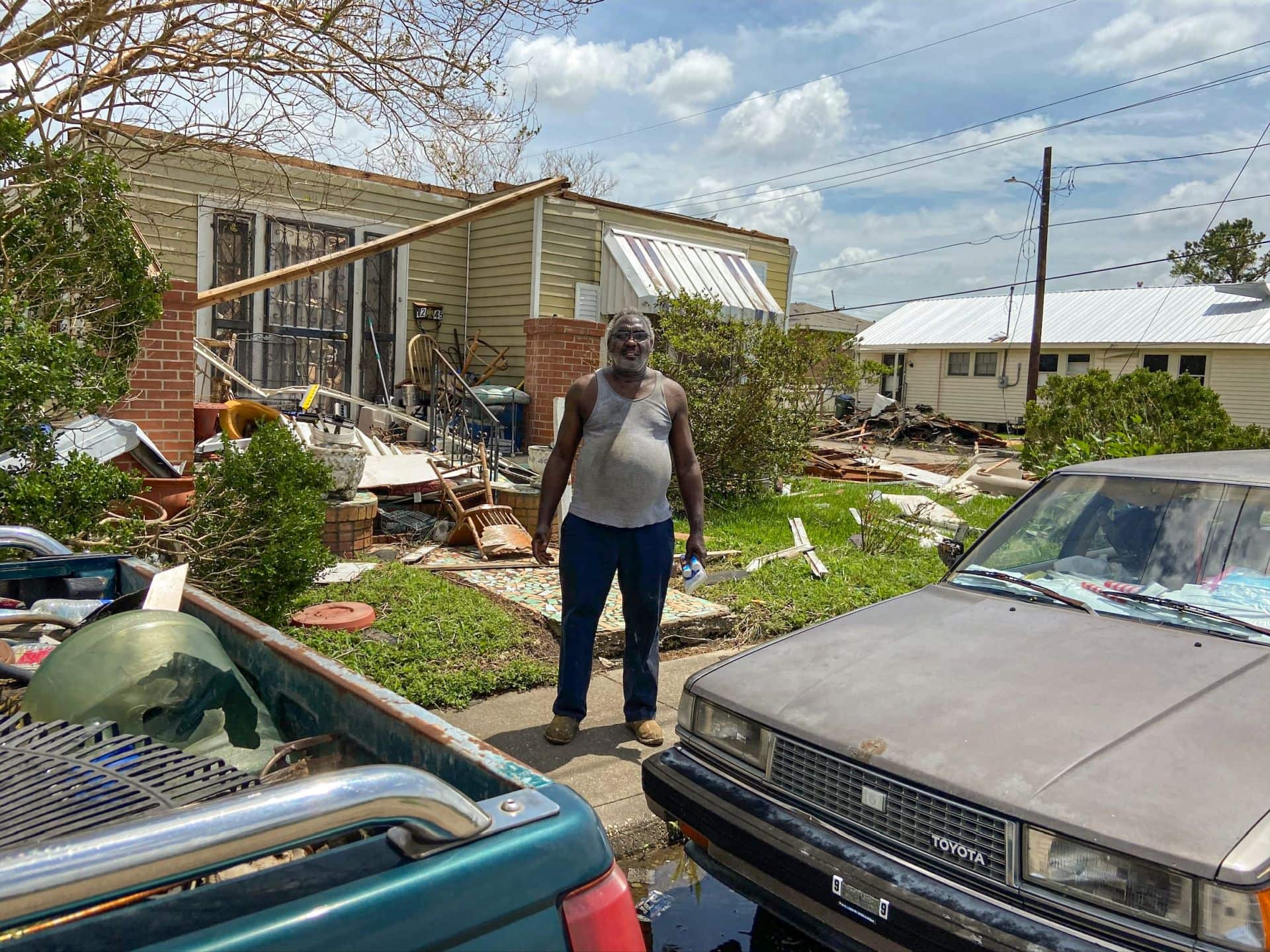 Sylvester “Sly” Smith Jr., a long-time resident of Houma, Louisiana, stands in front of his damaged home caused by Hurricane Ida. Mr. Smith has witnessed many storms pull through but none as strong as Ida. With no shelters available, he was living out of his car with a 30-day supply of necessary medications for his high blood pressure when aid began to arrive. (Photo/Americares)
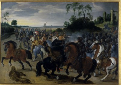 Sebastian Vrancx byl významný vlámský malíř barokní éry, známý především svými detailními bitevními scénami, krajinami a žánrovými obrazy. Vrancx se narodil v Antverpách v roce 1573 a většinu života strávil ve svém rodném městě, což se odráží i v námětech, které si vybíral. Byl členem antverpského cechu svatého Lukáše a často spolupracoval s dalšími umělci, zejména s Janem Brueghelem starším. Vrancx se specializoval na zobrazování vojenských scén, přepadů a jezdeckých potyček, přičemž kladl velký důraz na realistické ztvárnění uniforem, zbraní a koní. Jeho díla se vyznačují pozoruhodným smyslem pro detail a dynamickými kompozicemi, které živě přenášejí děj.
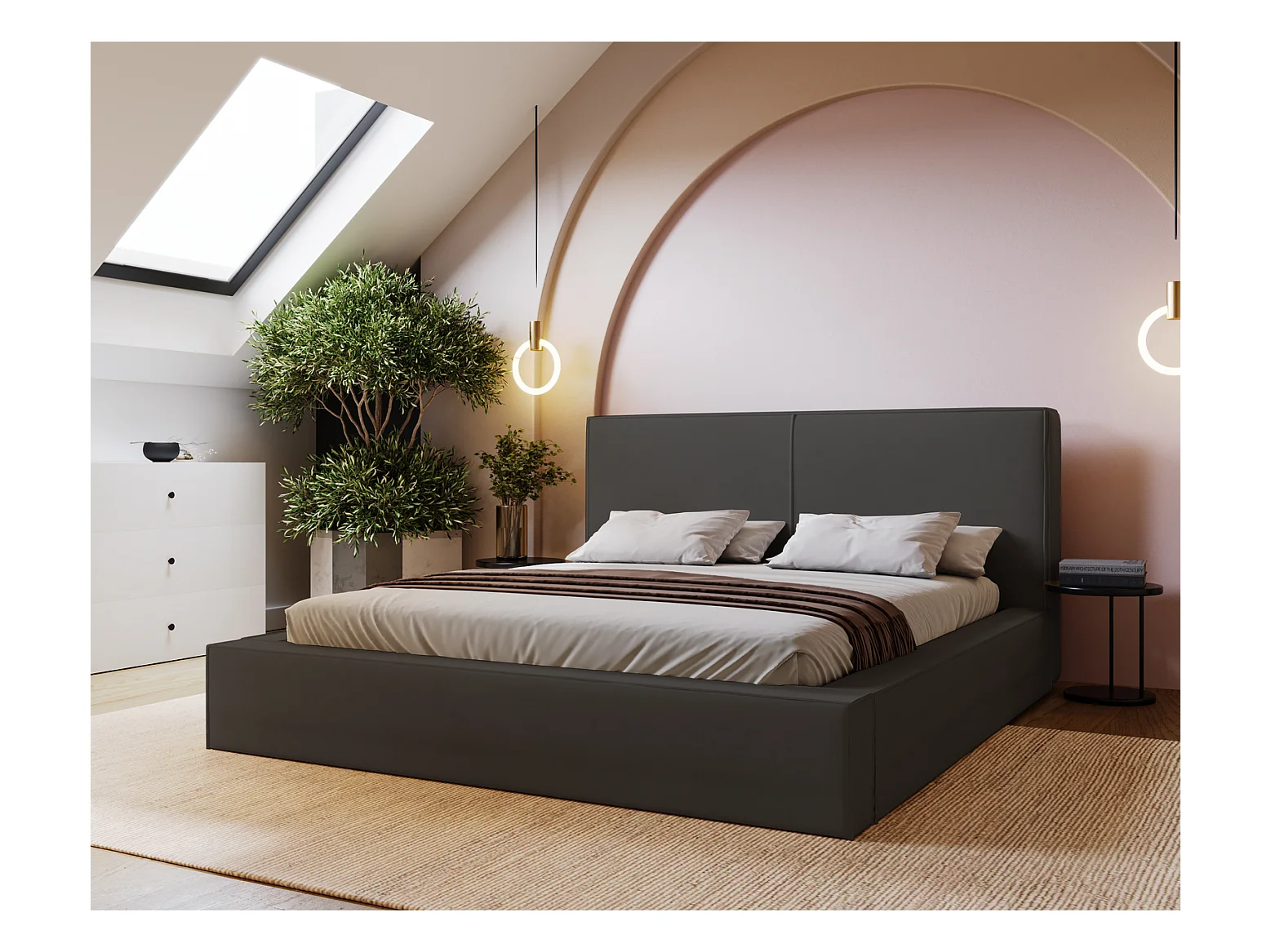 Emporius Morin Polsterbett 160x200 - Doppelbett 160x200 mit Bettkasten - Dunkelgrau (Amor Velvet 4321)
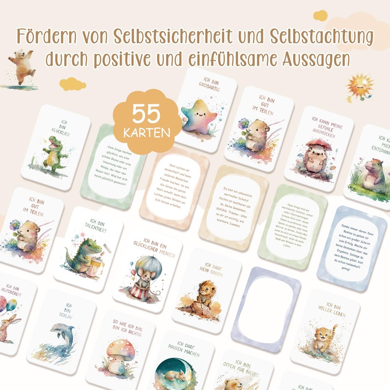 55 Affirmation Cards for Children with Stand - Motivational Cards to Strengthen Self-Confidence and Promote Resilience, Ideal for Parent-Child Time, Suitable for Boys and Girls (55AI)
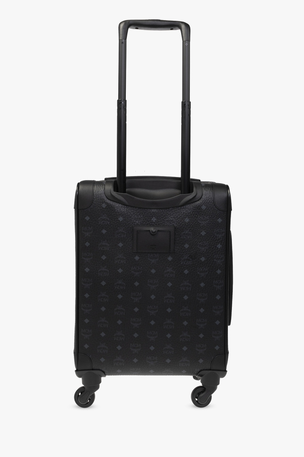 Black suitcase with rotary wheels from MCM. Crafted from the brand's signature ‘Visetos’ canvas with a grey monogram, this design secures with a two-way zipper and features a logo application accompanied with a zip pocket on the front, two half-round handles, one telescopic handle, black metal hardware and two separate compartments with two-way zippers and two zip pockets inside.

***

- [EXERCISE INSTRUCTIONS]: Begin at the first line of the material and copy each line exactly through the one containing "55 Affirmation Cards". Omit pictures.

- [ANSWER BELOW]:
 Sylvester “Sly” Smith Jr., a long-time resident of Houma, Louisiana, stands in front of his damaged home caused by Hurricane Ida. Mr. Smith has witnessed many storms pull through but none as strong as Ida. With no shelters available, he was living out of his car with a 30-day supply of necessary medications for his high blood pressure when aid began to arrive. (Photo/Americares)
 Sebastian Vrancx byl významný vlámský malíř barokní éry, známý především svými detailními bitevními scénami, krajinami a žánrovými obrazy. Vrancx se narodil v Antverpách v roce 1573 a většinu života strávil ve svém rodném městě, což se odráží i v námětech, které si vybíral. Byl členem antverpského cechu svatého Lukáše a často spolupracoval s dalšími umělci, zejména s Janem Brueghelem starším. Vrancx se specializoval na zobrazování vojenských scén, přepadů a jezdeckých potyček, přičemž kladl velký důraz na realistické ztvárnění uniforem, zbraní a koní. Jeho díla se vyznačují pozoruhodným smyslem pro detail a dynamickými kompozicemi, které živě přenášejí děj.
 Emporius Morin Polsterbett 160x200 - Doppelbett 160x200 mit Bettkasten - Dunkelgrau (Amor Velvet 4321)
 55 Affirmation Cards for Children with Stand - Motivational Cards to Strengthen Self-Confidence and Promote Resilience, Ideal for Parent-Child Time, Suitable for Boys and Girls (55AI)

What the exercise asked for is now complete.